TRY IT:
Would you restate the listing word for word, with the images omitted?

PROVIDED MATERIAL:
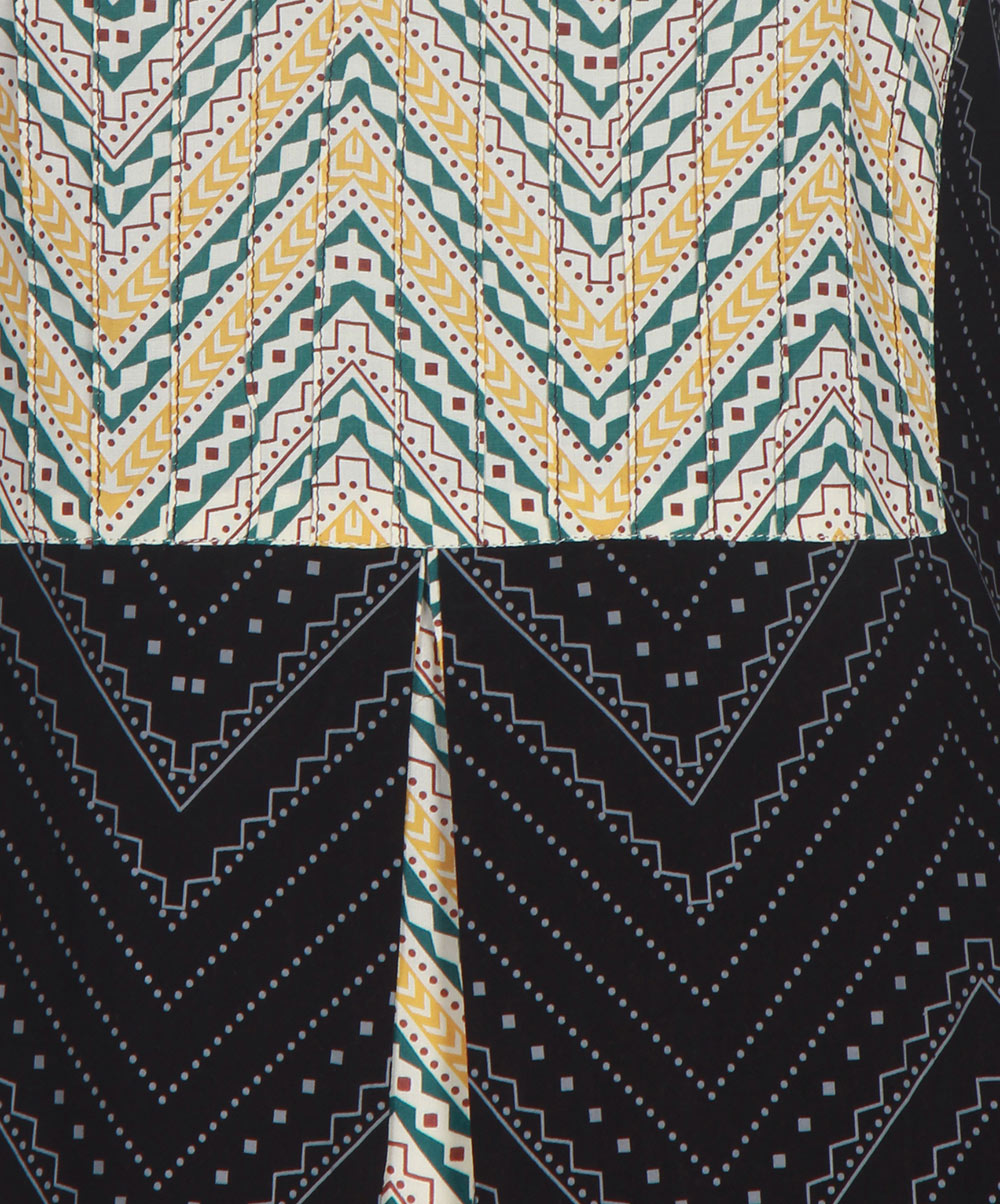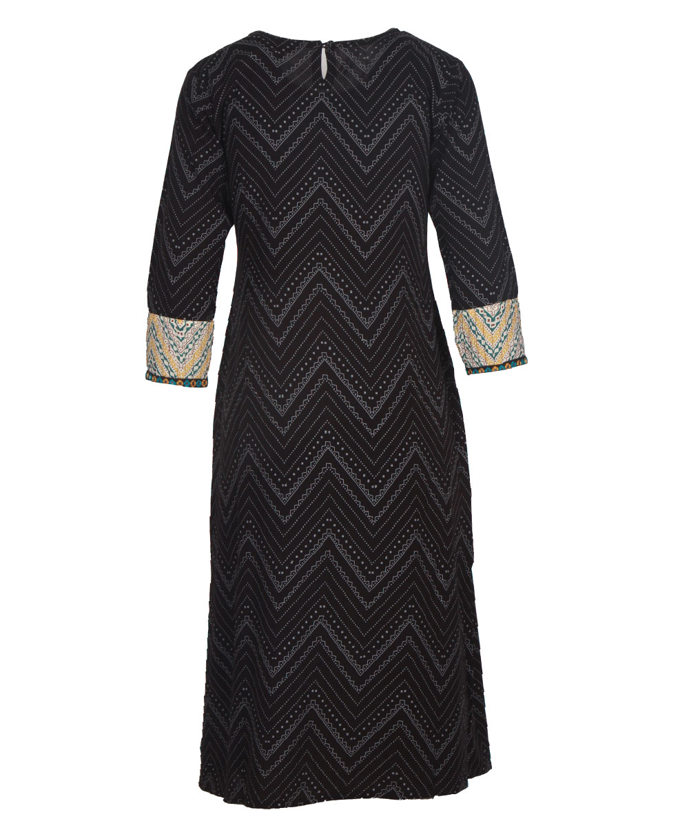 Black viscose patterned kameez with allover print and panel from waistline. Designed with contrast pleated yoke in front and embroidery on sleeves opening.
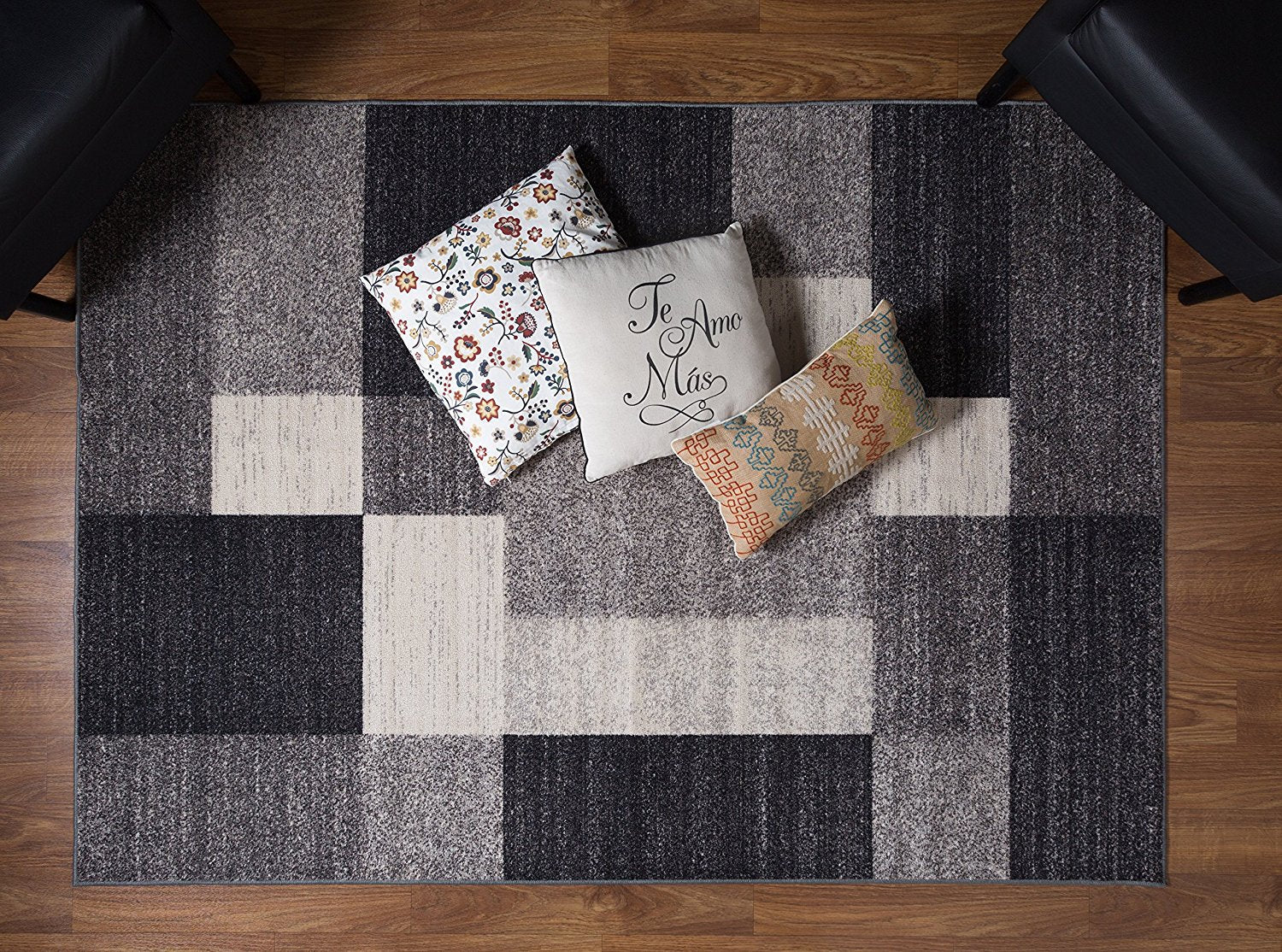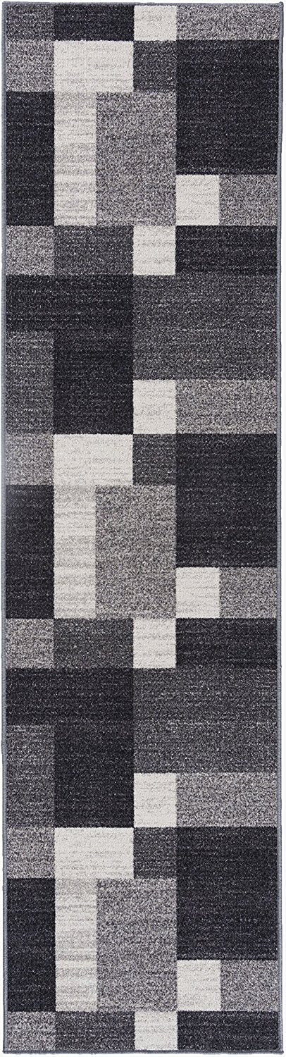 Box Pattern Gray/Grey Area Rug Non-Slip Non Skid
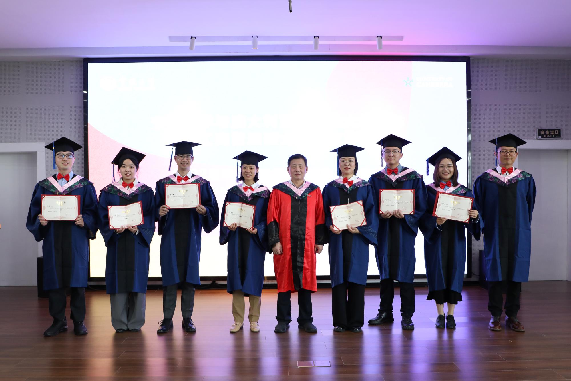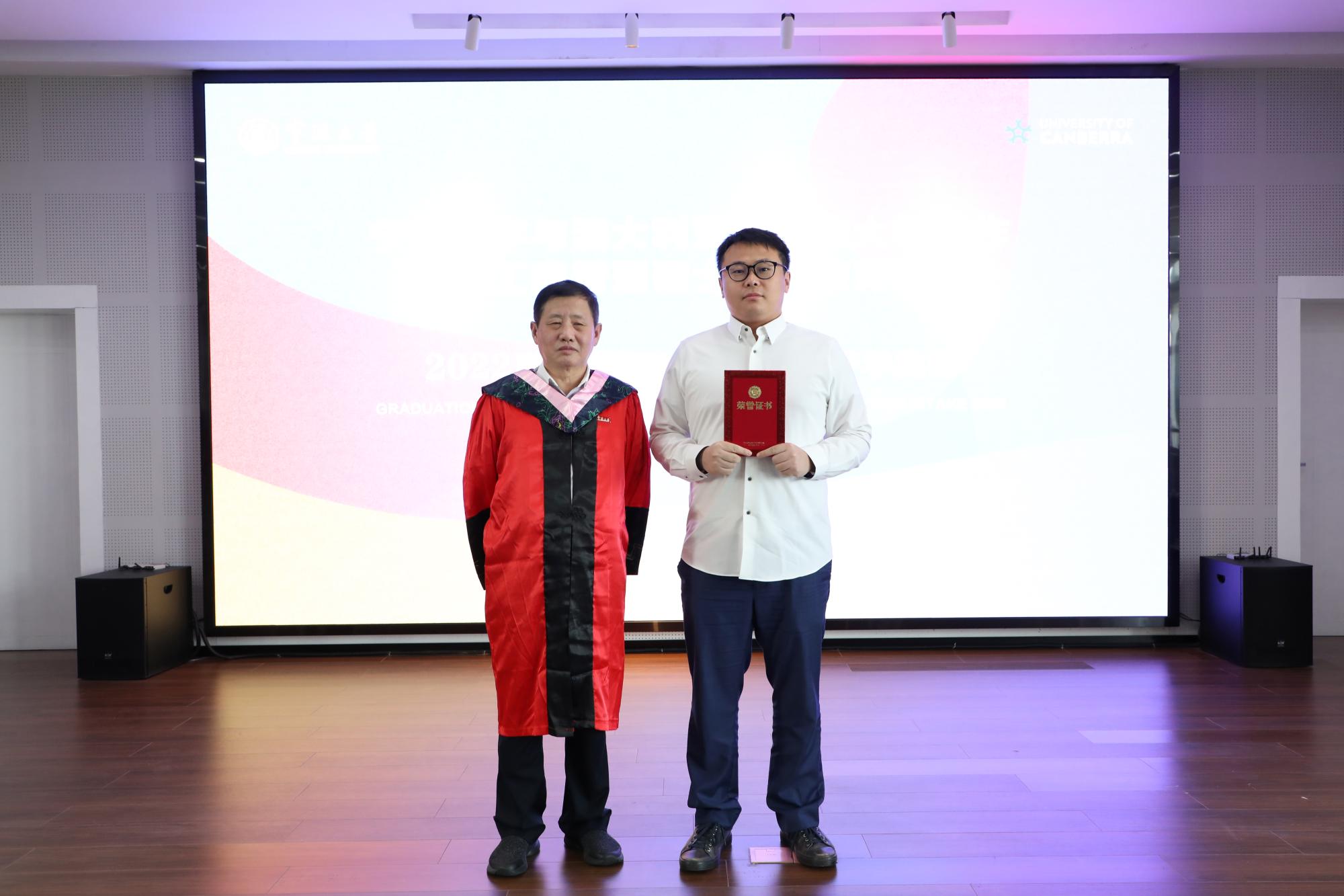 接着,学院党委书记史宏协宣布2022届毕业生名单,院长和书记分别为毕业生颁发了澳大利亚堪培拉大学的工商管理硕士学位证书和宁波大学商学院学习经历证明。
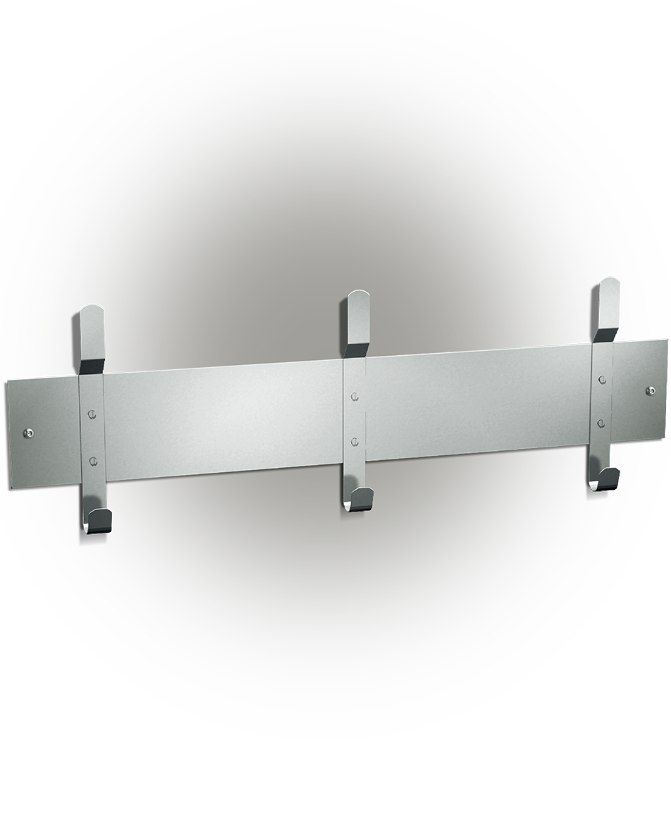 Fabricated of type 304 satin finish stainless steel, our one-piece constructed custodial accessories—with various configurations of mop and broom holders and utility hooks—help keep necessary cleaning tools and supplies organized and accessible.

EXERCISE RESULT:
 Black viscose patterned kameez with allover print and panel from waistline. Designed with contrast pleated yoke in front and embroidery on sleeves opening.
 Box Pattern Gray/Grey Area Rug Non-Slip Non Skid
 接着,学院党委书记史宏协宣布2022届毕业生名单,院长和书记分别为毕业生颁发了澳大利亚堪培拉大学的工商管理硕士学位证书和宁波大学商学院学习经历证明。
 Fabricated of type 304 satin finish stainless steel, our one-piece constructed custodial accessories—with various configurations of mop and broom holders and utility hooks—help keep necessary cleaning tools and supplies organized and accessible.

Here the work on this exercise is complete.